**AVAILABLE DATA**:
**********
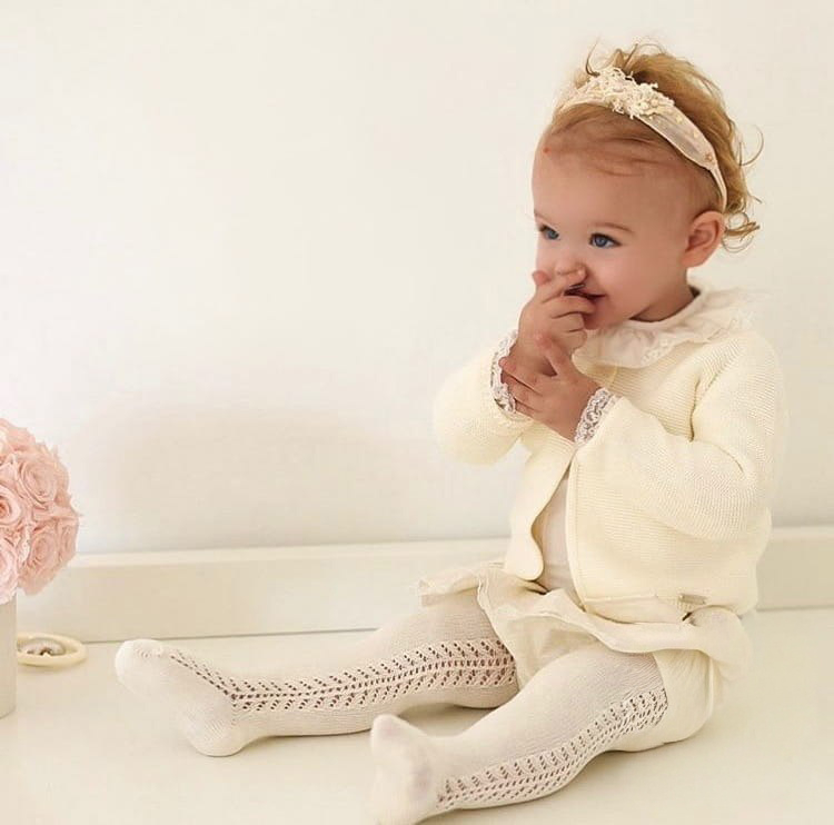 Laat je kleintje stijlvol én comfortabel voor de dag komen met deze elegante Cóndor Maillot Side Openwork in Cava / Créme (303). ✨
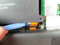 Use the plastic opening tool to lift up the tabs on either side of the ribbon cable port and then gently pull the ribbon cable free.
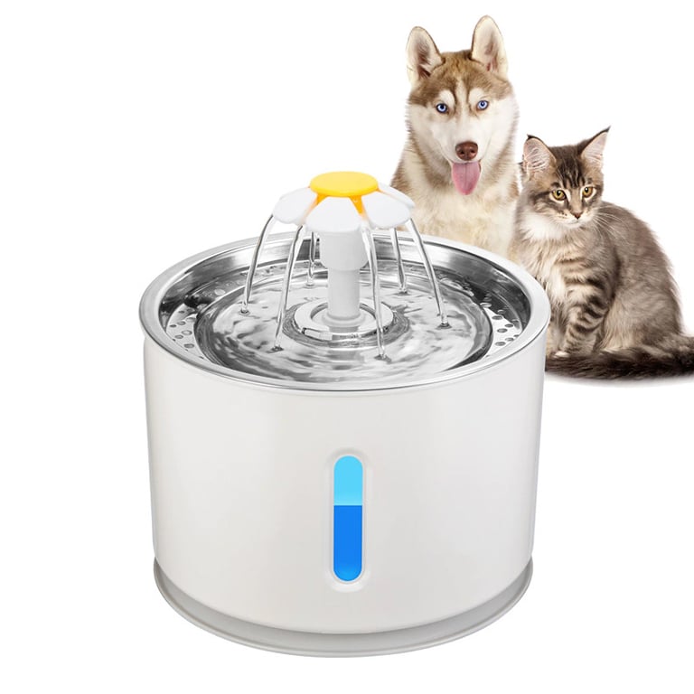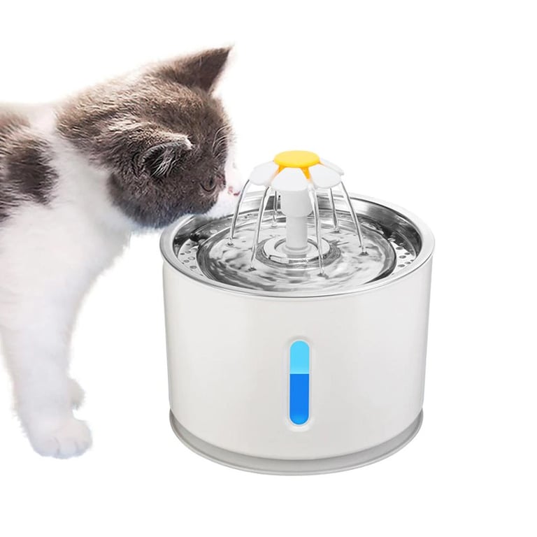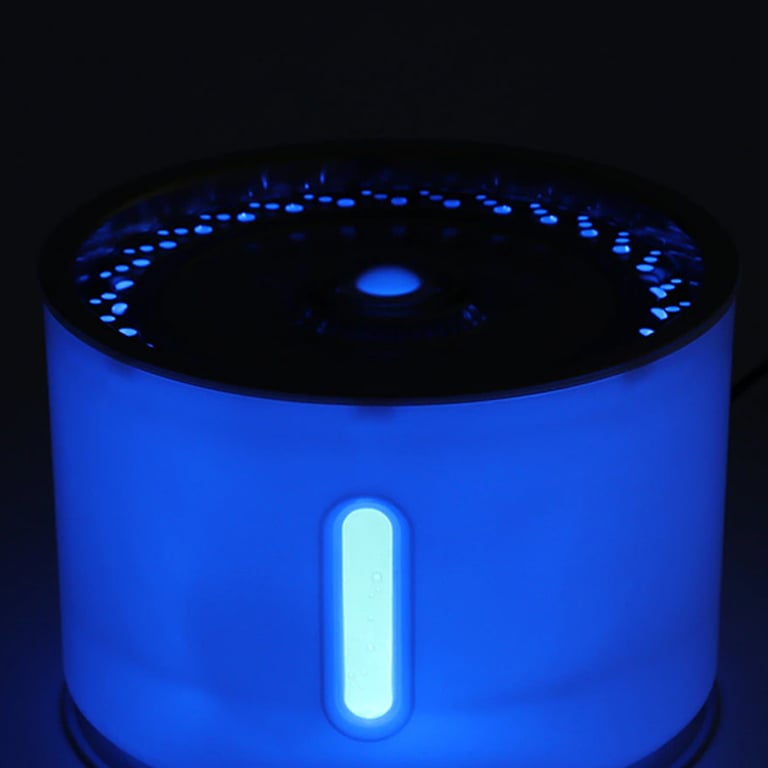 Cat fountain for maintaining your pet's hydration. Cats enjoy the water more due to circulation, and the flow and bubbling attract them just like when water flows from a tap. The device is illuminated with LED light.
**********
**PROBLEM TO SOLVE**:
Please output exactly the lines of the data above, from its first line through the line with "Use the plastic", and nothing else; drop the pictures.

**SOLUTION**:
 Laat je kleintje stijlvol én comfortabel voor de dag komen met deze elegante Cóndor Maillot Side Openwork in Cava / Créme (303). ✨
 Use the plastic opening tool to lift up the tabs on either side of the ribbon cable port and then gently pull the ribbon cable free.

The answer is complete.